(Work instructions)
Starting at the line that contains "会場にはPRするブースが設け" and stopping at the line that contains "Choose books in", restate each line of the records below exactly. Omit the pictures.

(Data provided)
════════════════

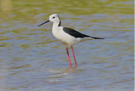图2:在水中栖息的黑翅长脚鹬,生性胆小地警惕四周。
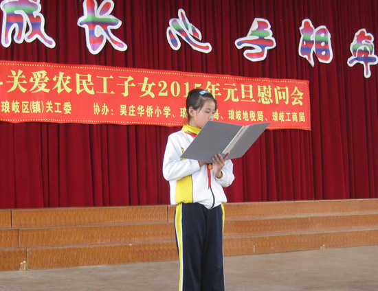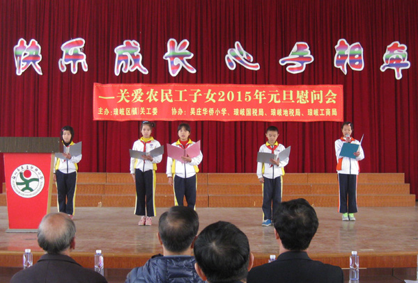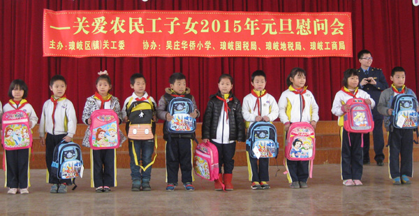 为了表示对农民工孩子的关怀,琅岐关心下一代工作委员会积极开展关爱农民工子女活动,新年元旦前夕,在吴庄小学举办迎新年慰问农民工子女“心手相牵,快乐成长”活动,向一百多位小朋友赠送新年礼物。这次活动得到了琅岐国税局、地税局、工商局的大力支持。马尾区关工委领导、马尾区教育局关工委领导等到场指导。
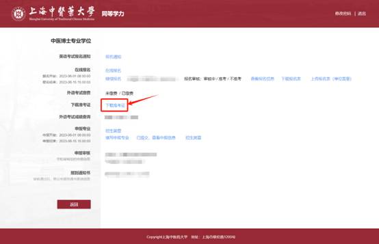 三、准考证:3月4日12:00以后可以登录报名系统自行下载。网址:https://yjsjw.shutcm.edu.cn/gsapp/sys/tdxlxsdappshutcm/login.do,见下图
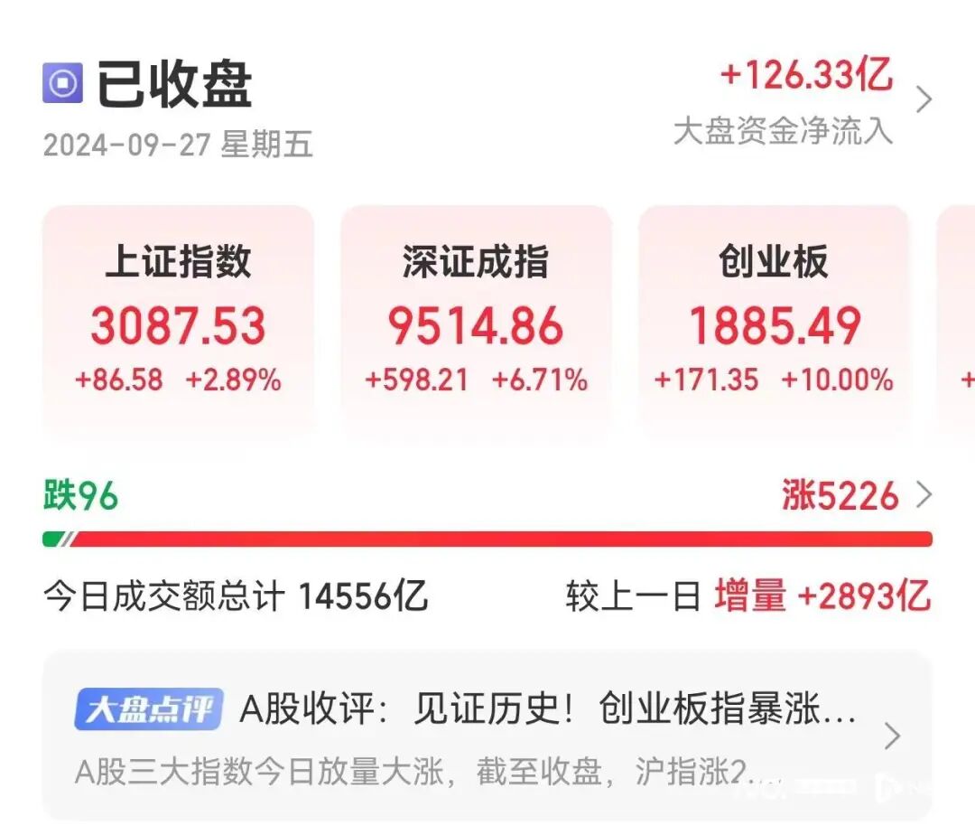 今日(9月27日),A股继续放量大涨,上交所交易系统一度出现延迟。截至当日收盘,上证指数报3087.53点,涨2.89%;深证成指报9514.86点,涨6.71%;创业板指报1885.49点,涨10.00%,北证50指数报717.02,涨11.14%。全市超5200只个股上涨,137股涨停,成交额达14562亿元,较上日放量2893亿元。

════════════════

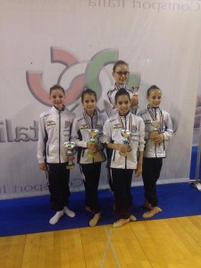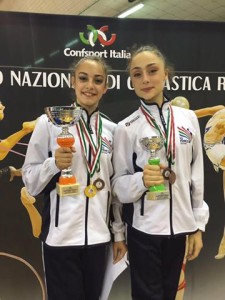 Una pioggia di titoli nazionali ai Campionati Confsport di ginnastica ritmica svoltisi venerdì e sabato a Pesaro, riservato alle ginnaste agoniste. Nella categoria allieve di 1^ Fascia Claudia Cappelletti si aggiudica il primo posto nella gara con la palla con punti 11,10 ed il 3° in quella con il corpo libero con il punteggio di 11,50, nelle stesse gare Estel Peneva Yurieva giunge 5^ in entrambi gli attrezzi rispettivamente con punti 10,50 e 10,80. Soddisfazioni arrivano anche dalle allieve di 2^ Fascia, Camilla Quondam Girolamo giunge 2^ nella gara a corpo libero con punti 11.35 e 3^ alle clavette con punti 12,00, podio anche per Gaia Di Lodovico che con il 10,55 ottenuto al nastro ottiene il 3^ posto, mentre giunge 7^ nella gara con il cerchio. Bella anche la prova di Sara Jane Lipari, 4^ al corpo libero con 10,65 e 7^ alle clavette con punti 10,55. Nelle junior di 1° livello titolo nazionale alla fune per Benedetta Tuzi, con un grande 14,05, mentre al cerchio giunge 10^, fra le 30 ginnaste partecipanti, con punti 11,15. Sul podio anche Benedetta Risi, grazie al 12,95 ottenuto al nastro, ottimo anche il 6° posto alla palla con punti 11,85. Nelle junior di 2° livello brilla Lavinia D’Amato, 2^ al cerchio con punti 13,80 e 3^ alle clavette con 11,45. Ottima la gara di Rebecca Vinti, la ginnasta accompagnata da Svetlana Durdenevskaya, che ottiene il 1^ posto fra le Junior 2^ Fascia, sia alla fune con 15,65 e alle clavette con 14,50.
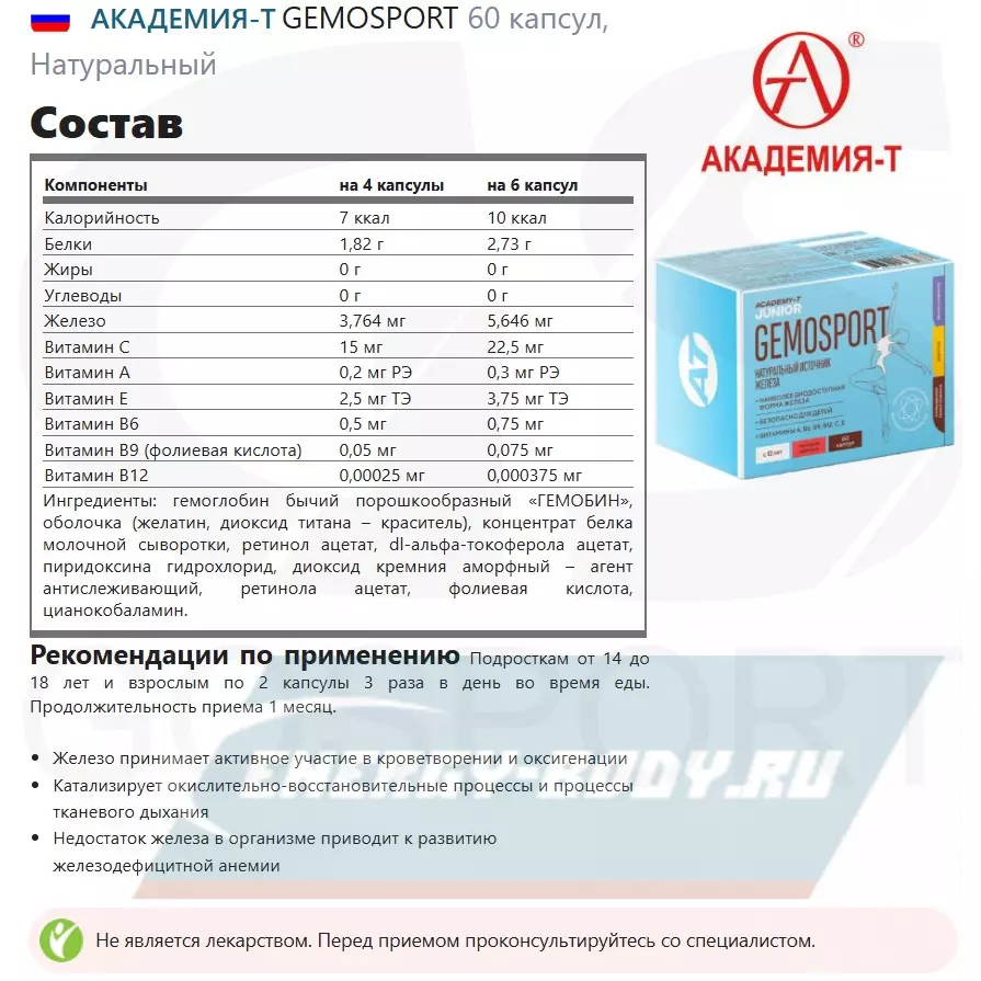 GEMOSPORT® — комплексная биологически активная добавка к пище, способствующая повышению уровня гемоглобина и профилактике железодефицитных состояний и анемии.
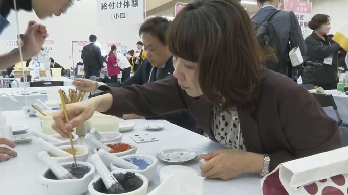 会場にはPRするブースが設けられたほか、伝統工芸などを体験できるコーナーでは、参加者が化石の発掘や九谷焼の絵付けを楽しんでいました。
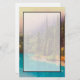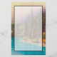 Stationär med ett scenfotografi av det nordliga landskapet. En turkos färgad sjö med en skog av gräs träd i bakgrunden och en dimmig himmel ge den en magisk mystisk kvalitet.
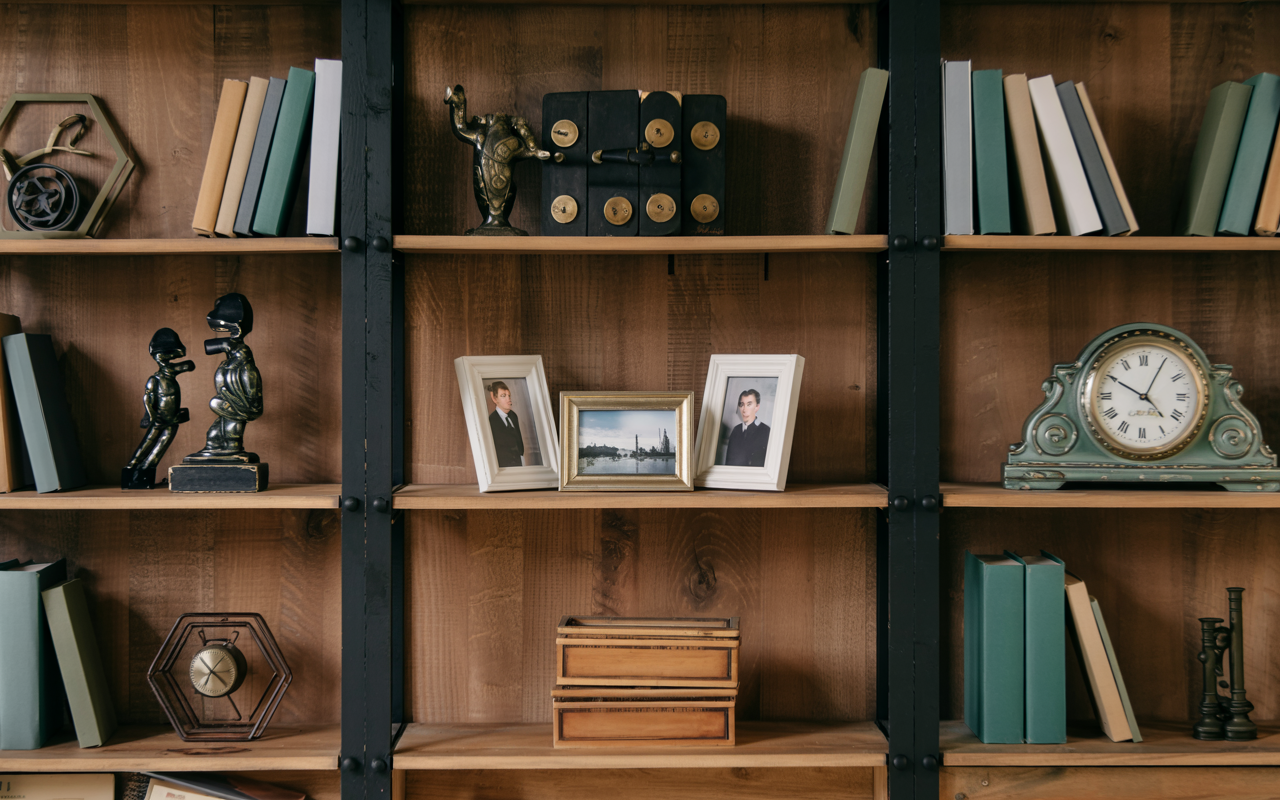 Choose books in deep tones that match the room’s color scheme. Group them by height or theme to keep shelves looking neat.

════════════════

(Written solution)
 会場にはPRするブースが設けられたほか、伝統工芸などを体験できるコーナーでは、参加者が化石の発掘や九谷焼の絵付けを楽しんでいました。
 Stationär med ett scenfotografi av det nordliga landskapet. En turkos färgad sjö med en skog av gräs träd i bakgrunden och en dimmig himmel ge den en magisk mystisk kvalitet.
 Choose books in deep tones that match the room’s color scheme. Group them by height or theme to keep shelves looking neat.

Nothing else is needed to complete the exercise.